A sensitive new film about the perturbed life of the late designer tells his sad story all over again.
The painful story of Lee Alexander McQueen – his fashion triumph and inner turmoil – has yet another airing. After “Savage Beauty”, the record-breaking 2011 exhibition of the British designer’s life and art at New York’s Metropolitan Museum, now comes a movie.
Produced by Ian Bonhôte and co-directed by him and Peter Ettedgui, “McQueen” was launched last week in New York at the Tribeca Film Festival and will open in British cinemas on the 8th of June. It is the most sensitive vision I have seen about a creative who never lost his rough edges, and who put his life – the bloody history of distant warriors in Scotland and childhood abuse within his family – on stage.

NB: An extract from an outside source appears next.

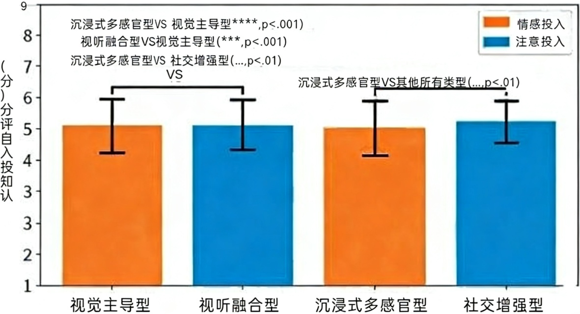 主效应与交互效应检验(H1, H3):以四种多模态交互类型为重复测量因子、文化背景组别为组间因子,对三种认知投入的即时自评分进行重复测量MANOVA。结果显示,交互类型主效应显著(Wilks λ = 0.72, p < 0.001),见表3。进一步分析表明,交互类型对情感投入与注意投入的影响均显著(ps < 0.001),如图4所示。
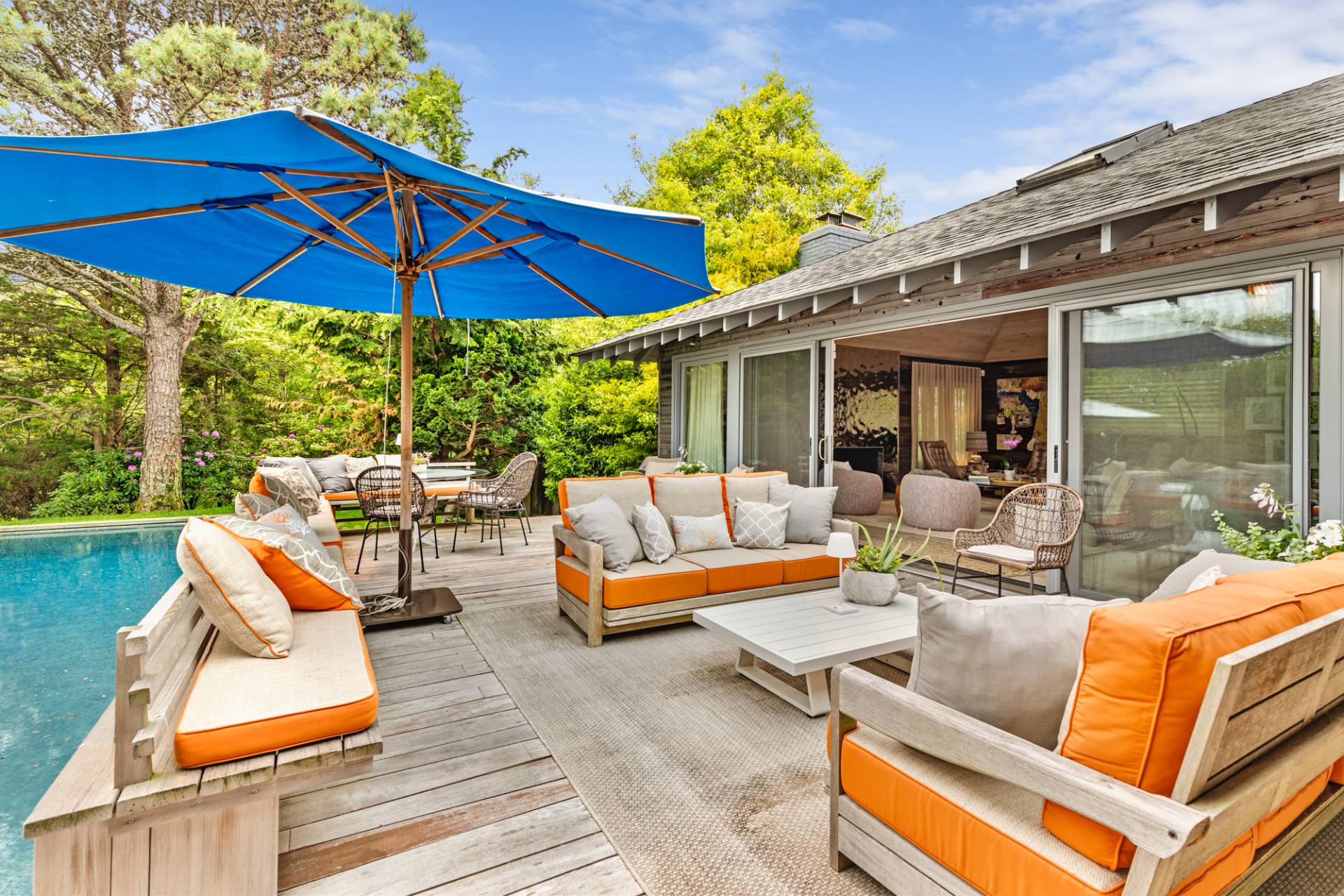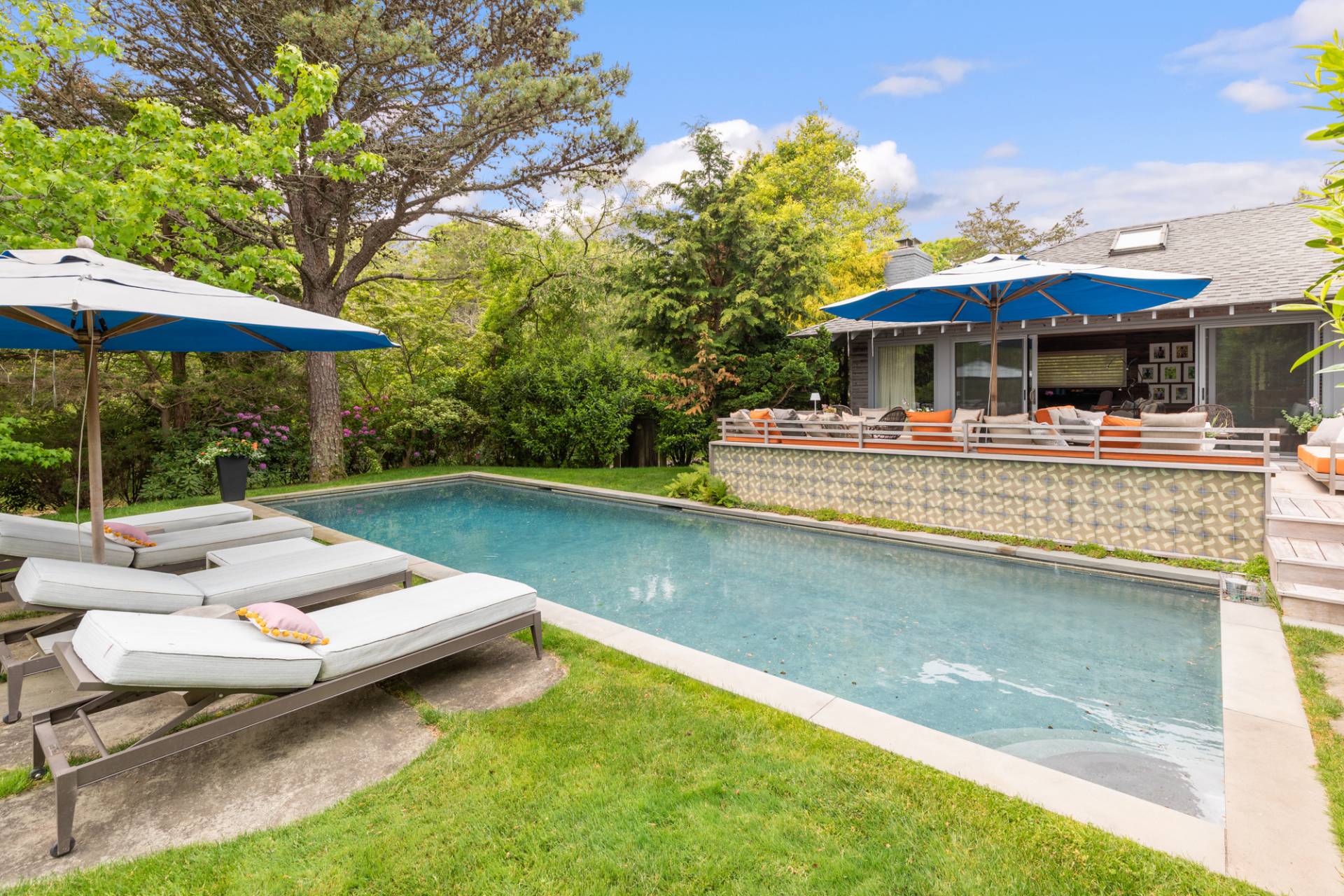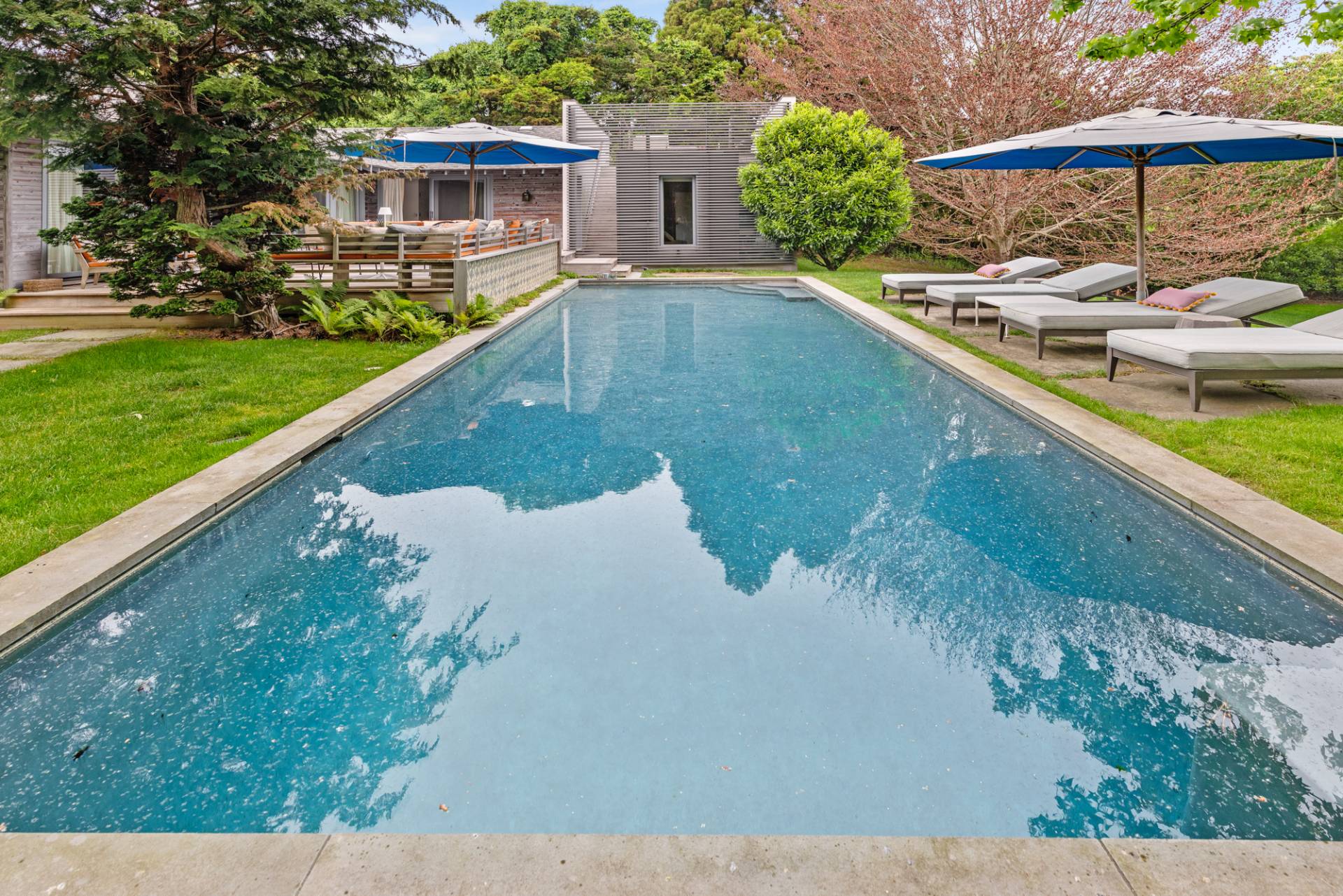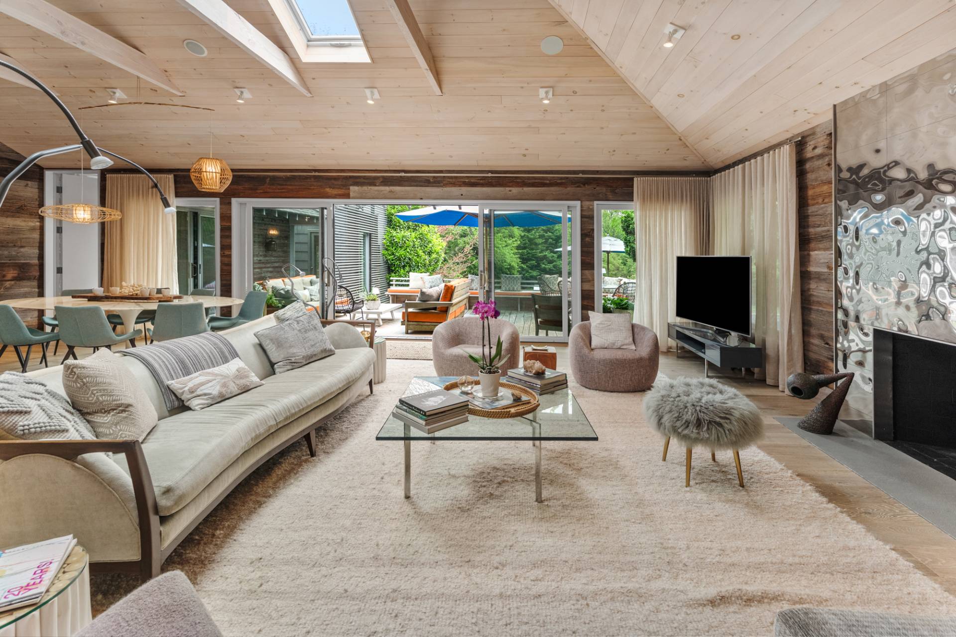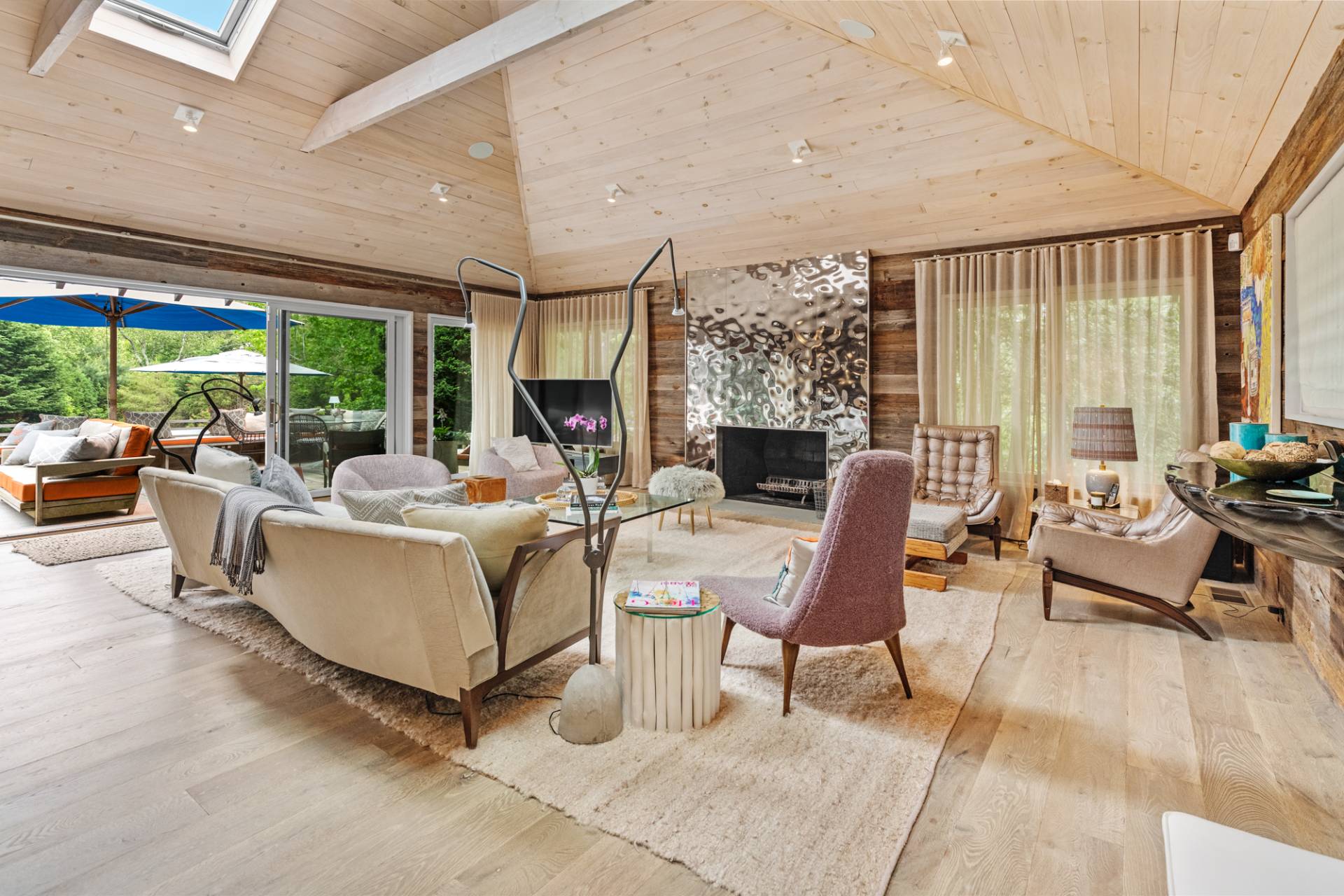 Rental Registration #: 23-137 Newly renovated four bedroom 5. 5 bath oceanfront modern beach house, is a chic mid-century summer oasis. Built and conceived by Architectural Digest 100 Designer Joe Nahem, this zen- like mid century modern home features a state of the art kitchen, Sonos throughout, heated salt-water unite pool, extensive decking, two primary suites; one with soaking tub and separate shower and the other with steam shower. The main living area features wood clad cathedral ceilings and antique barn wood walls. Chic design and furnishings are a combination of both new and mid- century vintage furniture and lighting. Outdoor amenities include a beautiful outdoor patio with several living and dining areas, a private roof deck, and a park-like shy acre with a path leading directly to wide sandy beaches. Also, a new full gym with bath and steam. Privately located on a flag lot, this modern beach house offers the utmost in understated luxury and elegance. .

Episodes of McQueen’s life, before his death by suicide in February 2010, both exhibit and explain his development as a young and bolshie creator who, in his days as an apprentice on Savile Row, stitched a vulgar motif hidden on the inside of a suit destined for Prince Charles, and who seemed to move with lightning speed from British bad boy to Creative Director of the Paris couture house of Givenchy.
There are various examples of the designer’s wild side, including collecting dead birds and offering tortuous blocks of footwear in his final and supremely beautiful collection titled “Plato’s Atlantis”. And the film, through interviews with the designer’s family, offers an insider vision – or at least their various points of view.
The “star” is Sebastian Pons, a Majorcan member of team McQueen, who gives energetic and honest descriptions of what it was like to be on fashion’s floor.
The movie is inevitably low-key about McQueen’s addiction, but high on the anguish of those who worked alongside him and watched the downward spiral.
The late Isabella Blow, the designer’s mentor and chief support – until she was pushed aside – has a major role. But in watching that relationship on screen, I started to feel the discomfort of having lived in a parallel universe to the film. When Detmar Blow, Issie’s husband, talks about his wife’s relationship with McQueen, I can think only of Issie’s anguished emails to me in the last few weeks before her suicide, and the betrayal she felt by the designer she had nurtured.
But the real elephant in the room is John Galliano. The film lacks context on what was happening in fashion in the 1990s, when the old guard of Parisian couture houses started employing the daring Young Turks from London’s Saint Martin’s School of Art and Design. Galliano was the chosen designer at Givenchy in 1995. Only when he shifted to Christian Dior was McQueen put in place.
There is a harrowing scene in the film when a desolate McQueen realizes that his neo-classical mythology did not gel with Parisian haute couture. He also felt slighted by the relatively low budget he had been given to stage Givenchy shows compared to Galliano’s extravaganzas at Dior.
Missing too are the YBAs – the Young British Artists – appearing as a group in the 1990s, with Tracy Emin and Damien Hirst as leaders of the art world. Jake and Dinos Chapman were friends with McQueen, and it is impossible to see the designer’s work – such as robotic arms showering paint on model Shalom Harlow in his Spring 1999 show – without its context in “Cool Britannia”.
A brief and passing glimpse of Sarah Burton, who has taken over brand McQueen, also underscores a missing link in the movie. As a young assistant, she joined the company straight out of college in 1997 and her absence on screen is a reminder of how much of McQueen’s life and departure is locked in noble silence.
Maybe it is time to bring to a close the re-telling of this sad story of Lee Alexander McQueen’s brilliance and burn out. After all, his clothes – gothic, savage, and frighteningly untouchable – speak louder in life than on any screen.